● **Problem description**:
Your task is to transcribe the lines from the start of the data below through the line containing "After extensive research", inclusive, exactly as they stand and without the pictures.

● **Supplied records**:
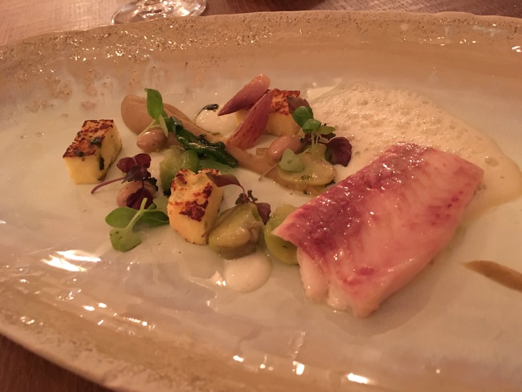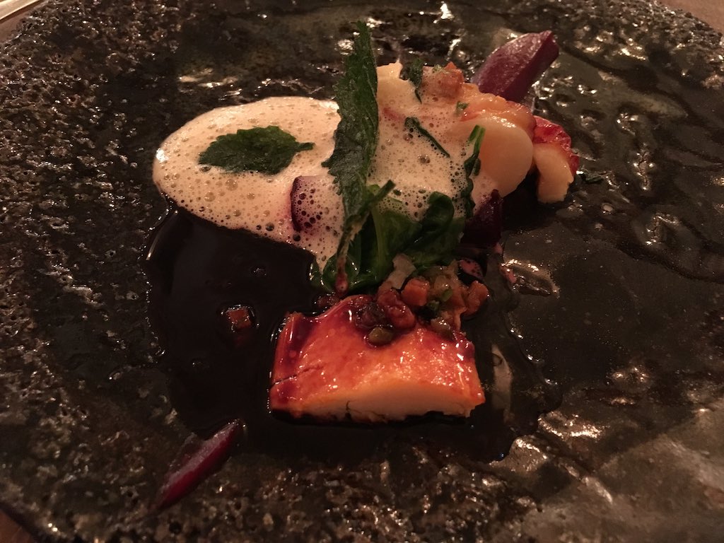 Next came the foie gras. The foie gras is on the bottom left of the photo. The garnish was a mushroom called royal champignon, which you can see in the upper left. And what is the one on the top? I can’t remember. From the menu, I can decipher that it’s a turnip (Rave) puff? Or Cul Noir, something made with pork lard?
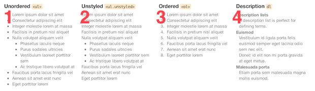 列表是Bootstrap涵盖的另一种版式范围,并且具有四组不同的样式:项目符号列表,嵌套项目符号列表,有序列表和词汇表。 同样,它们并不难使用,因为它们没有偏离HTML的标准。 因为列表可以用不同的方式构造,所以这里快速回顾一下如何在Bootstrap样式中使用它们。
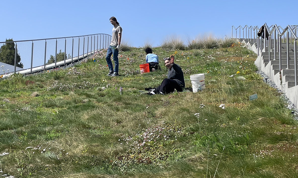 After extensive research and consultation with multiple professionals, including green roof specialists, soil experts, botanists, ecologists, and naturalists, it was decided to convert the roof into California Meadow habitat. The first step of the restoration project was purchasing and distributing special green roof soil made with volcanic pumice. Irrigation and fertilization schedules, carefully optimized to support the plants, were also created and implemented. “When you plant grasses and flowering plants very closely together,” said Kuzmenko, “they support each other… [and] make a thick cover on the roof.” Not only is it a healthier ecosystem, but it is also one which, by all accounts, is far more aesthetically pleasing than the original succulents. Wright expressed satisfaction with the outcome of their hard work. “You can’t look barely a square foot without seeing some plant that’s part of our effort.”
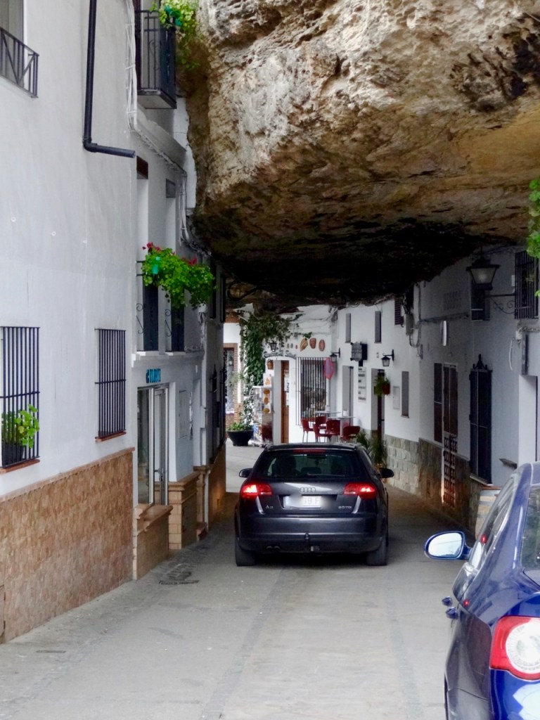 Kun näimme dramaattiset kuvat kallion sisällä olevista taloista, ravintoloista ja kaduista, totesimme saman tien, että Setenil de Las Bodegas pitää nähdä omin silmin. Ensimmäisen kerran jälkeen jäi halu vierailla uudelleen ja sen teimme. Kylä kuuluu Andalusian kauneimpien valkoisten kylien reittiin ja sinne on Fuengirolan seuduilta noin sata kilometriä. Paikkaan voi ajaa joko Cartaman ja Ardalesin kautta tai Rondan kautta.
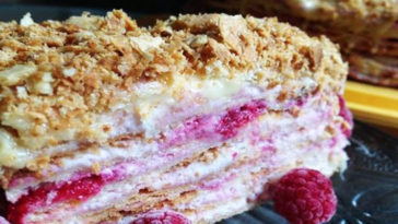 Малиновый «Наполеон» — легкий тортик на лето, который готовится в два счета
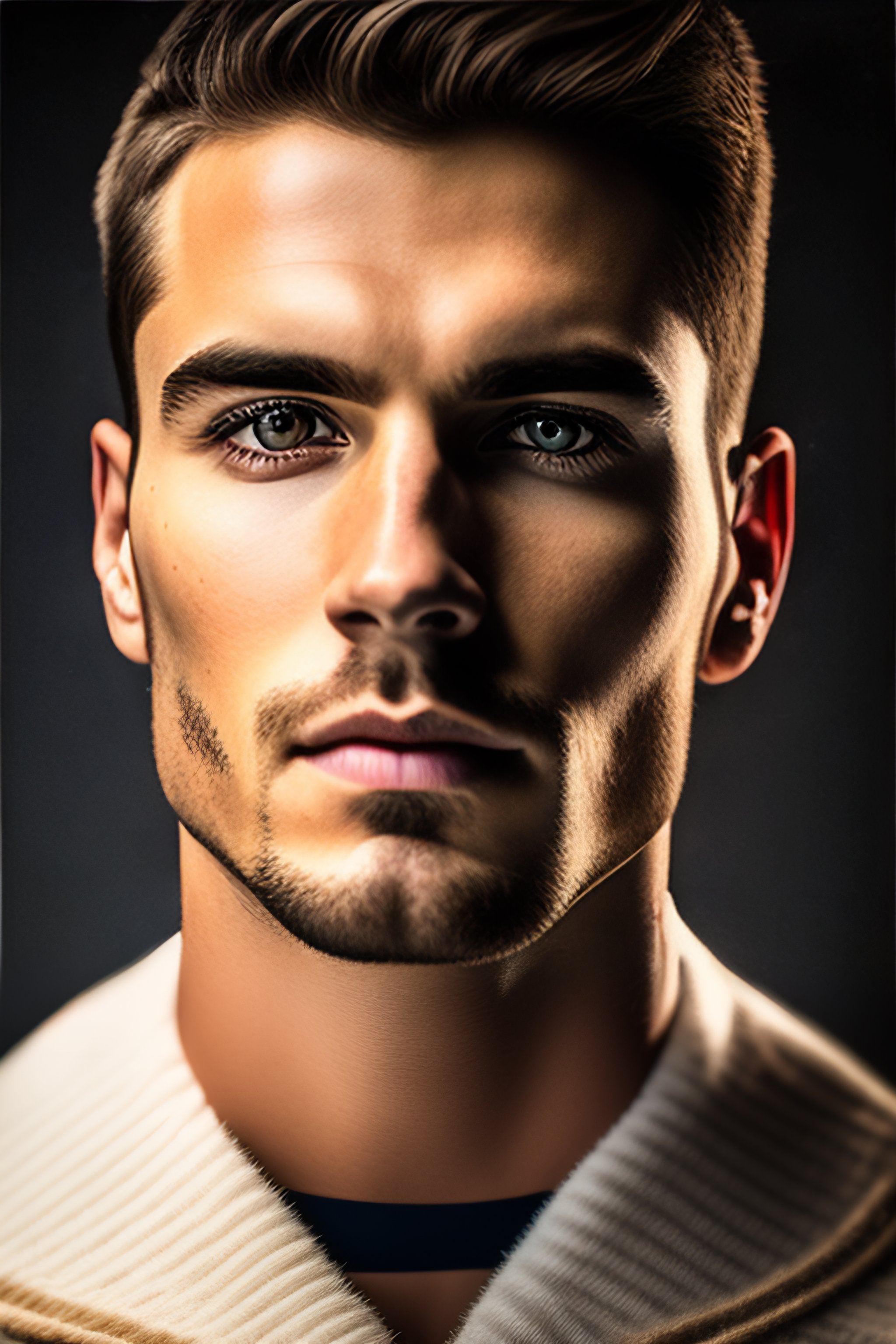 Centered in frame, facing camera, symmetrical face, ideal human, 85mm lens, f8, photography, ultra details, natural light, light background, photo, studio lighting
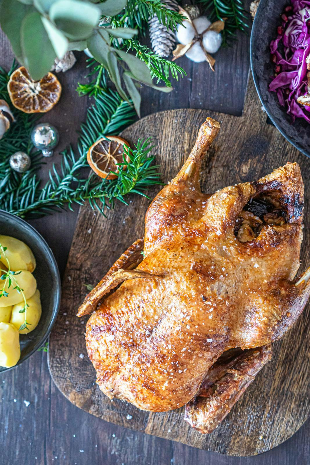 Tip! Hvis anden er frossen, så tø den op i køleskabet 2-3 dage forinden, alt afhængig af størrelsen.
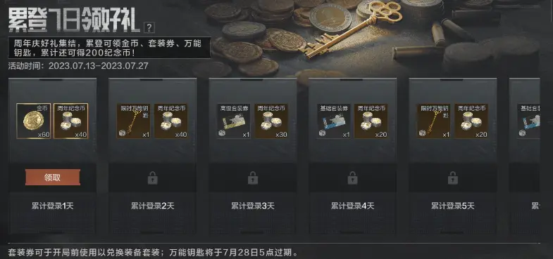 只要累计登录暗区满7天,期间即可领取【金币】、【套装券】、【万能钥匙】、【周年纪念币】等丰厚好礼!
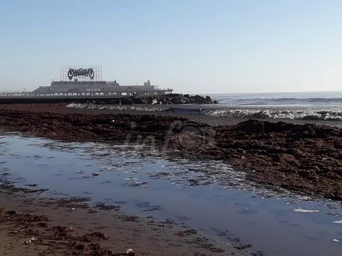 La gran cantidad de algas obligó a los guardavidas a cerrar la playa Bristol. El biólogo Hugo Be...
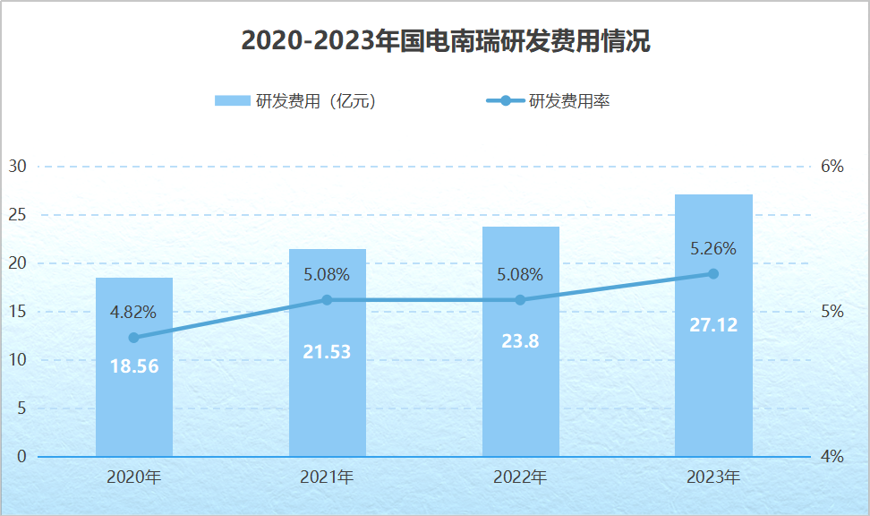 公司較強的技術實力離不開持續的研發投入。20202023年,國電南瑞研發費用率從4.82%提高到5.26%,超過了平高電氣等公司。
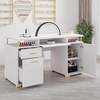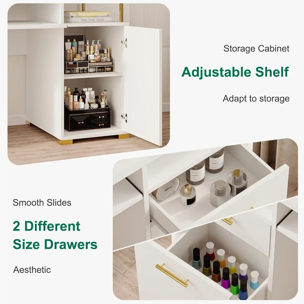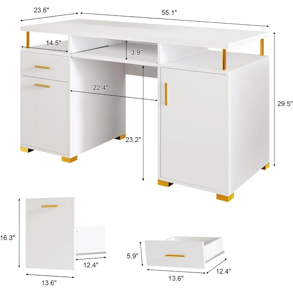 This nail technician desk features a spacious 55-inch tabletop, providing generous work area along with seven different storage solutions, including two open shelves, two enclosed cabinets, a movable shelf, a drawer, and a file cabinet, all designed to cater to various organizational needs. The desk is crafted with a pristine white finish and elegantly decorated with gold accents such as door handles, table legs, and support columns, creating a sophisticated and luxurious appearance that adds elegance and charm to your workspace. Beyond being a nail tech workstation, this manicure table is also versatile enough to serve as a study desk for students or a sturdy computer desk for various tasks. Made with premium materials and robust construction, this desk is built to last, featuring high-quality wood, reinforced legs, and sturdy support columns, with each component thoroughly inspected to ensure a solid and stable structure. Assembly is made easy with comprehensive packaging that includes all necessary parts, helpful assembly tools, and clear instructions, and our customer service team is always available to assist you, ensuring your satisfaction and convenience throughout the process.
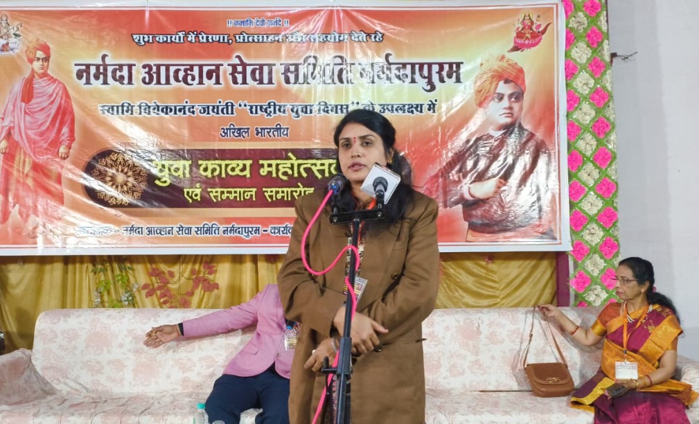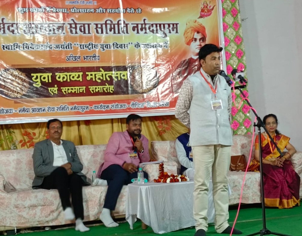 नर्मदापुरम / स्वामी विवेकानंद जयंती के अवसर पर नर्मदा आव्हान सेवा समिति नर्मदापुरम व्दारा अखिल भारतीय काव्य महोत्सव, सम्मान समारोह (कवि सम्मेलन) में मुख्य अतिथि के रूप में पंकज चौरे अध्यक्ष नगर पालिका परिषद इटारसी ,विशिष्ट अतिथियों मे प्रमोद पगारे , वरिष्ठ साहित्यक तथा प्रदेश के वरिष्ठ कवि बी.के. पटैल की अध्यक्षता में अनूठा आयोजन अखिल भारतीय कवि सम्मेलन का आयोजन सम्पन्न हुआ।कवि सम्मेलन देर शाम तक जारी रहा। देश के विभिन्न अंचलों से आए 45 युवा कवियों ने अपनी कविता, गीत, गजल, ओज, हास्य, व्यंग्य की रचनाओं से भाव विभोर कर दिया।मुख्यातिथि पंकज चौरे ने मुक्त कंठ से कार्यक्रम कि सराहना करते हुए आयोजक केप्टिन करैया को बधाई देते हुए कहां कि ऐसे आयोजन होते रहना चाहिए। विशिष्ट अतिथि प्रमोद पगारे ने कहा कि युवाओं के प्रेरणा श्रोता विवेकानंद जयंती पर शुभकामनाएं देते हुऐ कहा की युवा कवियों को प्रेरित करते हुए कहां की आप सभी युवा कवियों को देशहित , समाजहित एवं जनजाग्रति के लिए कविताएं लिखना चाहिए। अध्यक्षता करते हुऐ बी.के. पटैल ने कहा कि नर्मदा आव्हान समिति के युवा महोत्सव में आये प्रतिभावान कवि/कवियित्रियों के प्रति में आश्वस्त हूँ कि आप राष्ट्र और समाज के लोक कल्याण को ध्यान में रखते हुए उत्कृष्ट काव्य सृजन करके हिन्दी साहित्य को समृद्ध करेंगे। उन्होने कहाँ देश मे एक मात्र नर्मदा आव्हान सेवा समिति ही ऐसी संस्था है जो निशुल्क कवि समागम करती है। स्वागत भाषण कैप्टिन करैया ने दिया। अतिथि एवं कवियों का स्वागत केप्टिन करैया, विनोद सनोडिया, पवन प्रबल, अश्विन कुमार, एस.आर.धोटे, सावन कुमार नवीन हरियले, विनीता मालवीय ने फूल-मालाओं से किया। मां सरस्वती की पूजा अर्चना एवं स्वामी विवेकानंद के चित्र पर फूलमालाओं से कार्यक्रम प्रारंभ हुआ। सरस्वती वंदना पिपरिया से आई रोशनी रावत की प्रस्तुति से सम्मेलन का प्रारंभ हुआ। कवि सम्मेलन दो सत्रों मे किया गया। प्रथम सत्र का कुशल संचालन पवन प्रबल ने द्वितीय सत्र का सफल संचालन सुनील केहरी ने किया। अतिथियों की उपस्थिति मे नर्मदा आव्हान सेवा समिति के पदाधिकारियों ने युवा कवियों को स्मृति चिन्ह एंव युवा शब्द साधक प्रमाण पत्र से सम्मानित किया। चेतन जोशी (कांटाफोड़) ने “नील के कंठ हो या अमरकंठ हो”
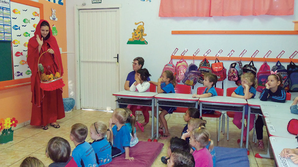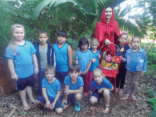 A expedição investigativa ocorreu na sala de através de uma contação de história: chapeuzinho Vermelho, na qual a personagem trouxe uma cesta de frutas enfatizando para as crianças a importância de uma alimentação saudável e o nome das frutas na língua estrangeira. Na ocasião, os alunos puderam conhecer e experimentar diferentes frutas.
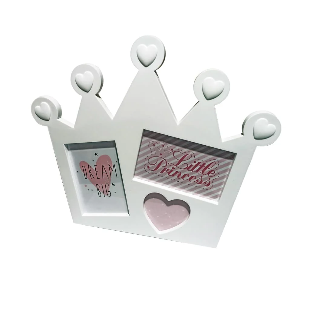Con unas dimensiones de 37 x 32 cm, es el tamaño perfecto para exhibir tus momentos más preciados. Su diseño moderno y encantador en forma de corona añade un toque de estilo que se adapta a cualquier decoración. Hecho de materiales ecológicos y seguros, puedes estar tranquilo sabiendo que estás cuidando del planeta mientras embelleces tu espacio.

● **Task output**:
 Next came the foie gras. The foie gras is on the bottom left of the photo. The garnish was a mushroom called royal champignon, which you can see in the upper left. And what is the one on the top? I can’t remember. From the menu, I can decipher that it’s a turnip (Rave) puff? Or Cul Noir, something made with pork lard?
 列表是Bootstrap涵盖的另一种版式范围,并且具有四组不同的样式:项目符号列表,嵌套项目符号列表,有序列表和词汇表。 同样,它们并不难使用,因为它们没有偏离HTML的标准。 因为列表可以用不同的方式构造,所以这里快速回顾一下如何在Bootstrap样式中使用它们。
 After extensive research and consultation with multiple professionals, including green roof specialists, soil experts, botanists, ecologists, and naturalists, it was decided to convert the roof into California Meadow habitat. The first step of the restoration project was purchasing and distributing special green roof soil made with volcanic pumice. Irrigation and fertilization schedules, carefully optimized to support the plants, were also created and implemented. “When you plant grasses and flowering plants very closely together,” said Kuzmenko, “they support each other… [and] make a thick cover on the roof.” Not only is it a healthier ecosystem, but it is also one which, by all accounts, is far more aesthetically pleasing than the original succulents. Wright expressed satisfaction with the outcome of their hard work. “You can’t look barely a square foot without seeing some plant that’s part of our effort.”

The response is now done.